---------- Records shown
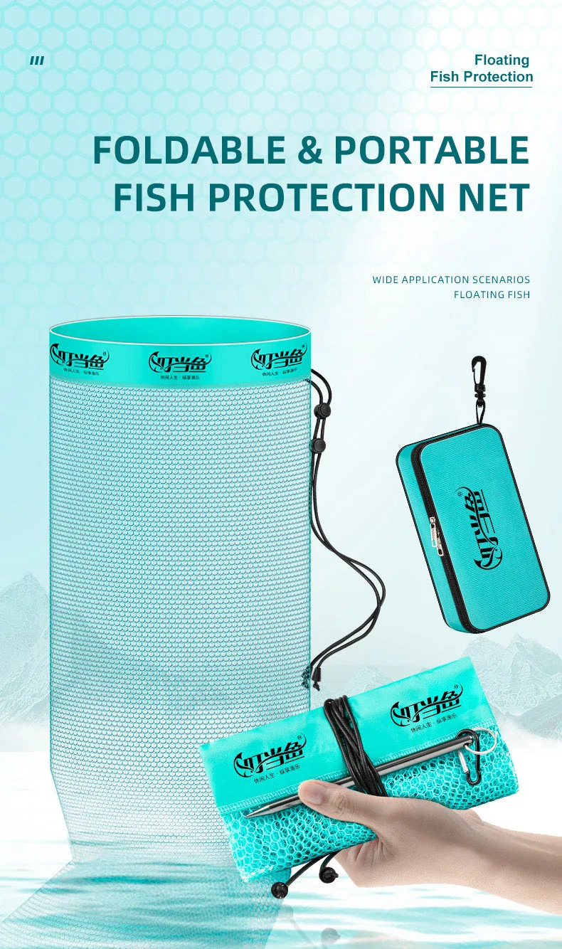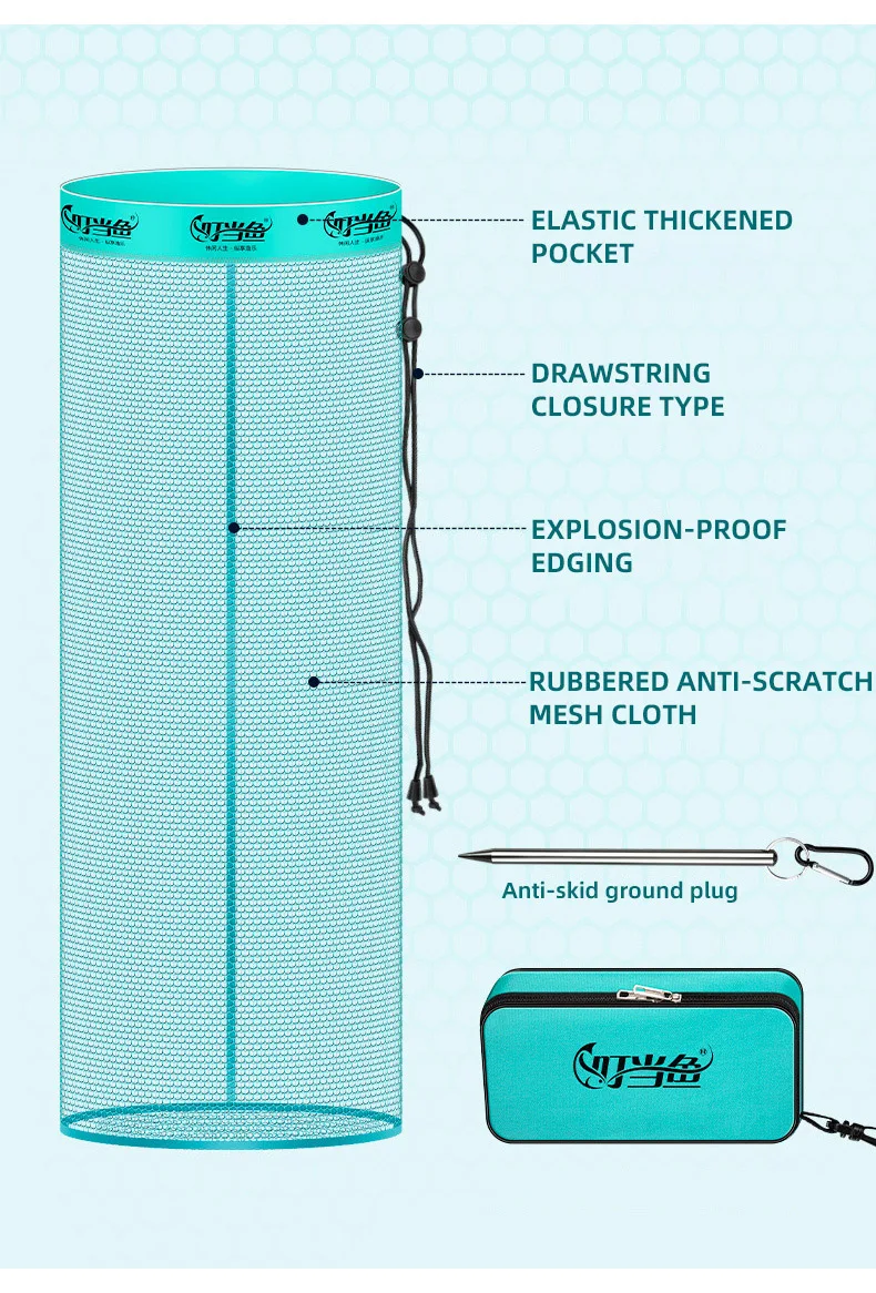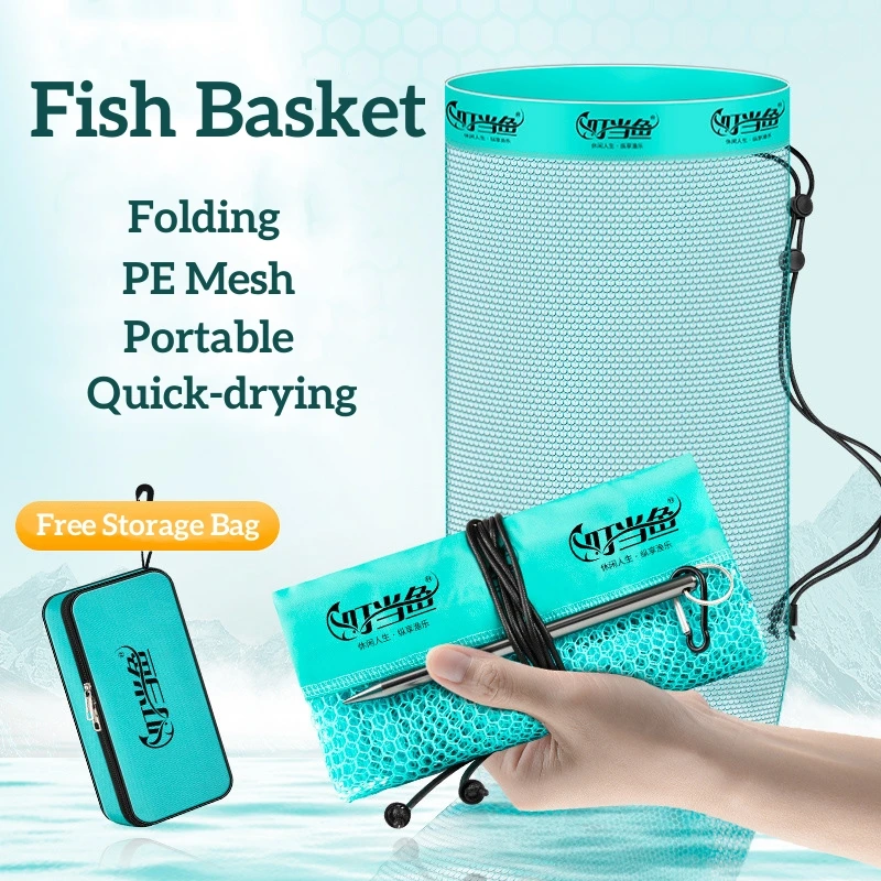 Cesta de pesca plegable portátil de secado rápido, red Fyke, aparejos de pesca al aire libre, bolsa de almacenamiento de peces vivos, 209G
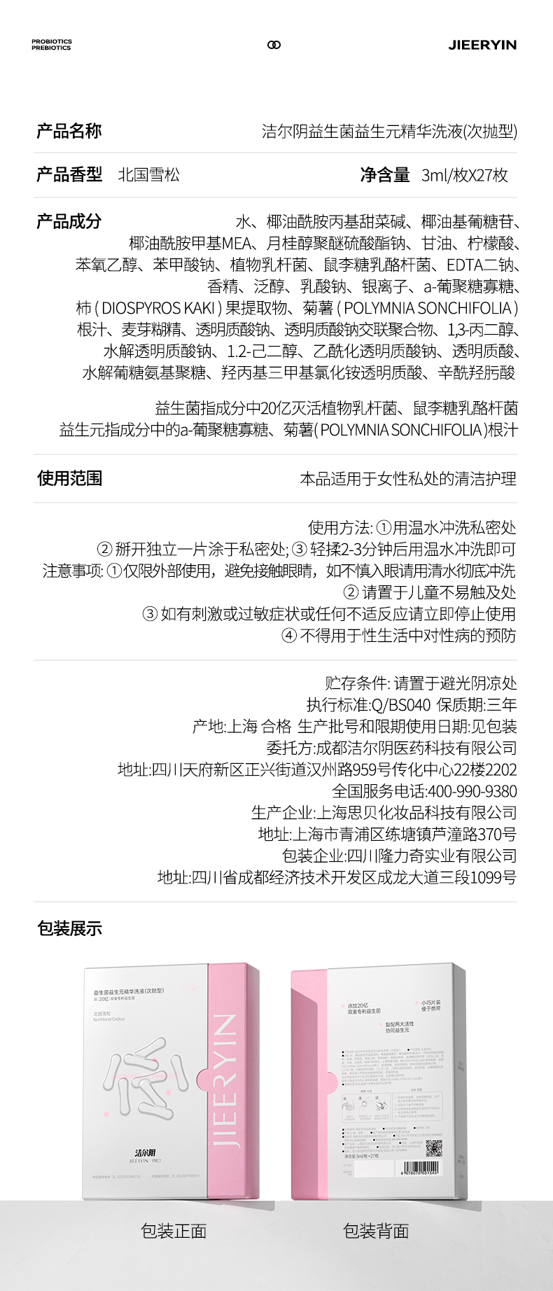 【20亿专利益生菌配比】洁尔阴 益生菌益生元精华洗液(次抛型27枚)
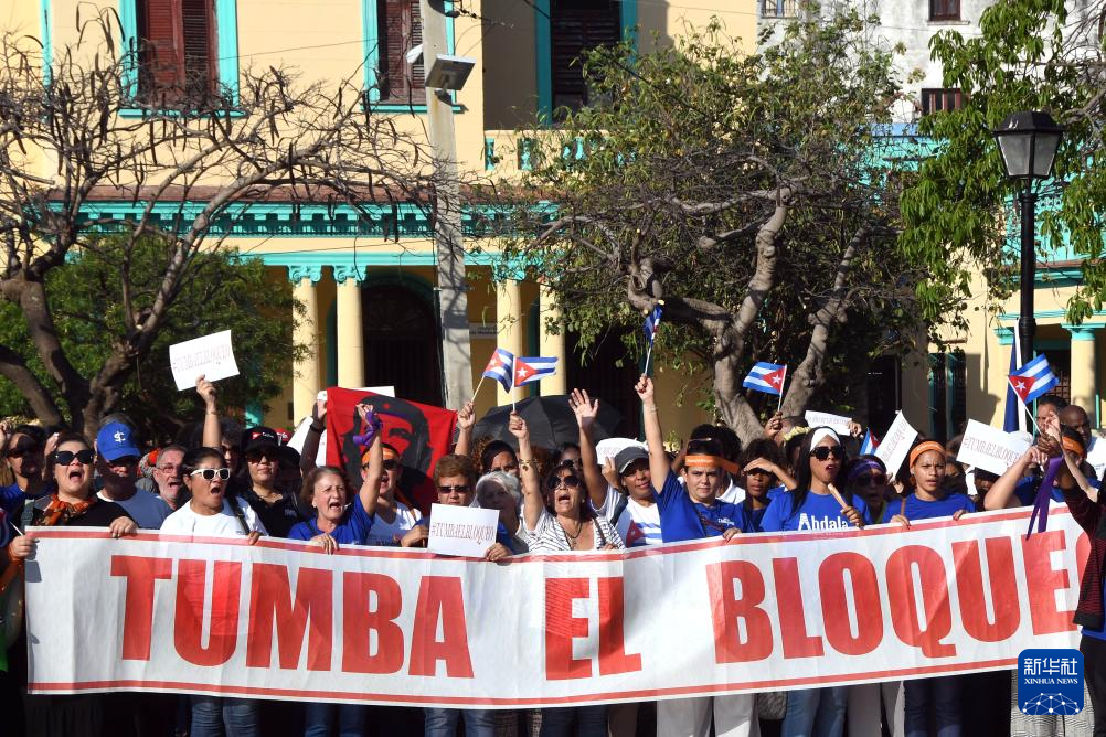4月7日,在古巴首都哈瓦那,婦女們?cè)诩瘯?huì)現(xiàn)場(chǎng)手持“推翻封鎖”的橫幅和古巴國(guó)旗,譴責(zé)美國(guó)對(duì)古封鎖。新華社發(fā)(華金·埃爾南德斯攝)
--------------------
---------- Records shown
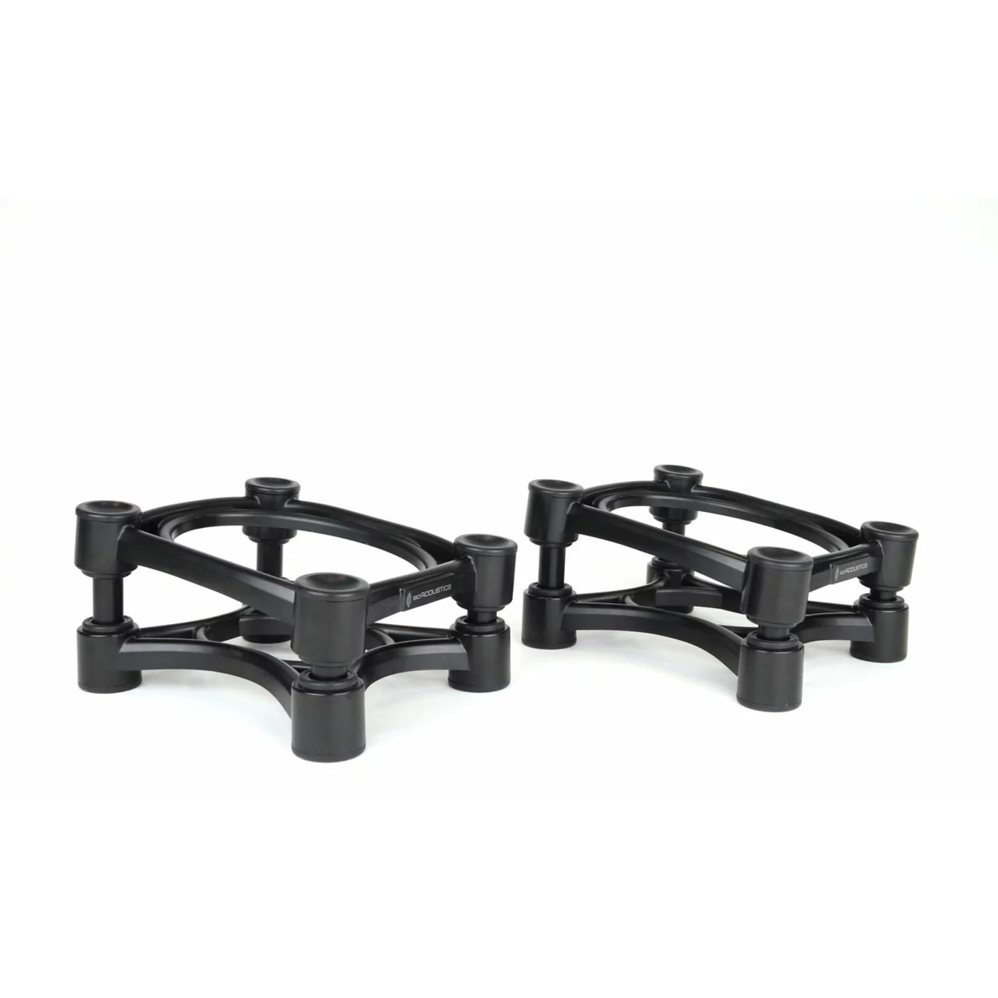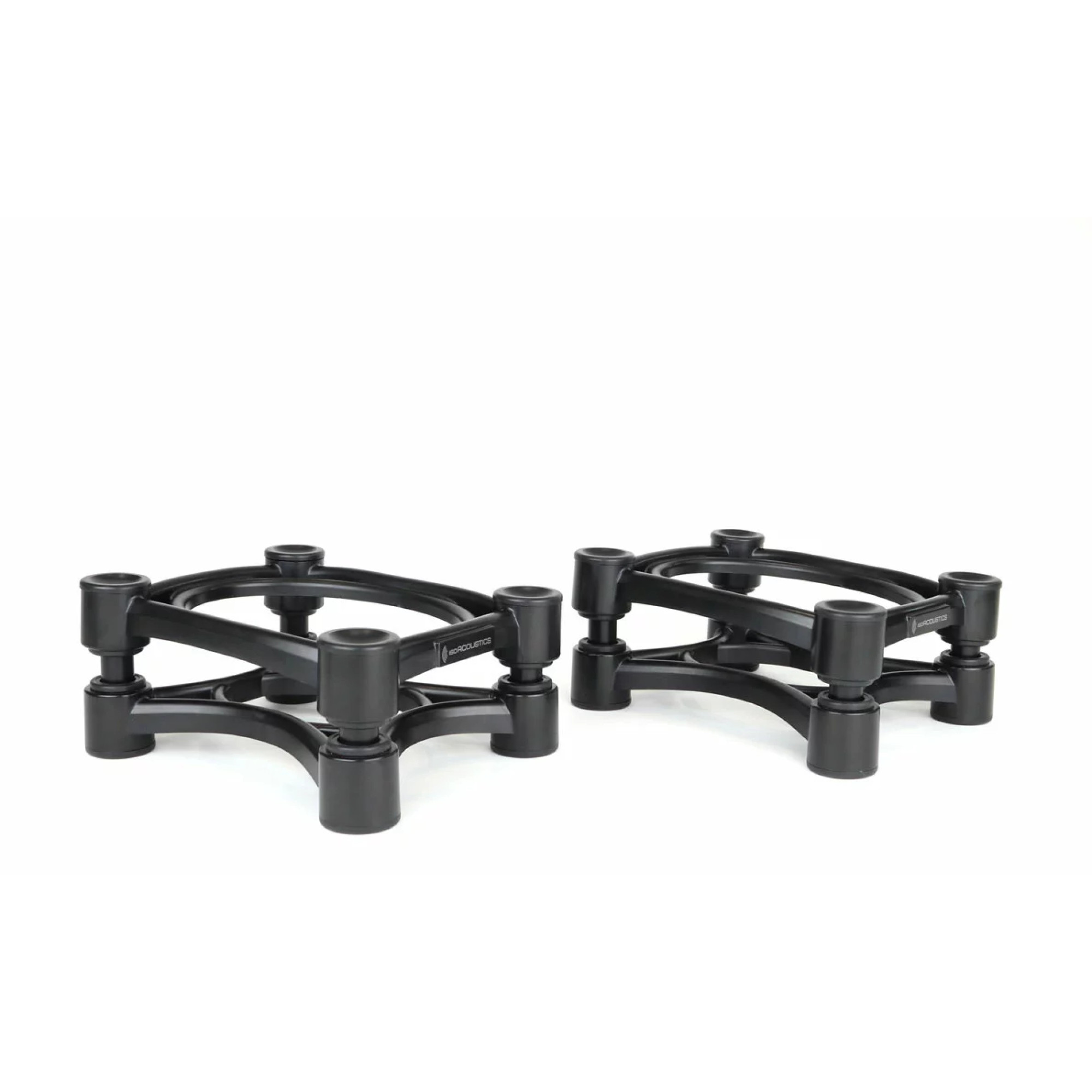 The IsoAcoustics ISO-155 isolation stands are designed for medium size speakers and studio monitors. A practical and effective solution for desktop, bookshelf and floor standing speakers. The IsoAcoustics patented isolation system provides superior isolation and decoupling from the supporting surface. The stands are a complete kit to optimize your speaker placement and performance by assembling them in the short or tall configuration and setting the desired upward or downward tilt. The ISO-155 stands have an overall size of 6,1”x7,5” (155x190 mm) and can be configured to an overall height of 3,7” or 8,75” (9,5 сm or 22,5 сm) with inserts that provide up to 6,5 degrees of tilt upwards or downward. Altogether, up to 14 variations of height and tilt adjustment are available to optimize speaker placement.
--------------------
§ About this exercise: Pictures excluded, give again exactly and only the lines of the material above from the line with "Cesta de pesca" through the line with "4月7日,在古巴首都哈瓦那,婦女們?cè".

§ Problem solution:
 Cesta de pesca plegable portátil de secado rápido, red Fyke, aparejos de pesca al aire libre, bolsa de almacenamiento de peces vivos, 209G
 【20亿专利益生菌配比】洁尔阴 益生菌益生元精华洗液(次抛型27枚)
4月7日,在古巴首都哈瓦那,婦女們?cè)诩瘯?huì)現(xiàn)場(chǎng)手持“推翻封鎖”的橫幅和古巴國(guó)旗,譴責(zé)美國(guó)對(duì)古封鎖。新華社發(fā)(華金·埃爾南德斯攝)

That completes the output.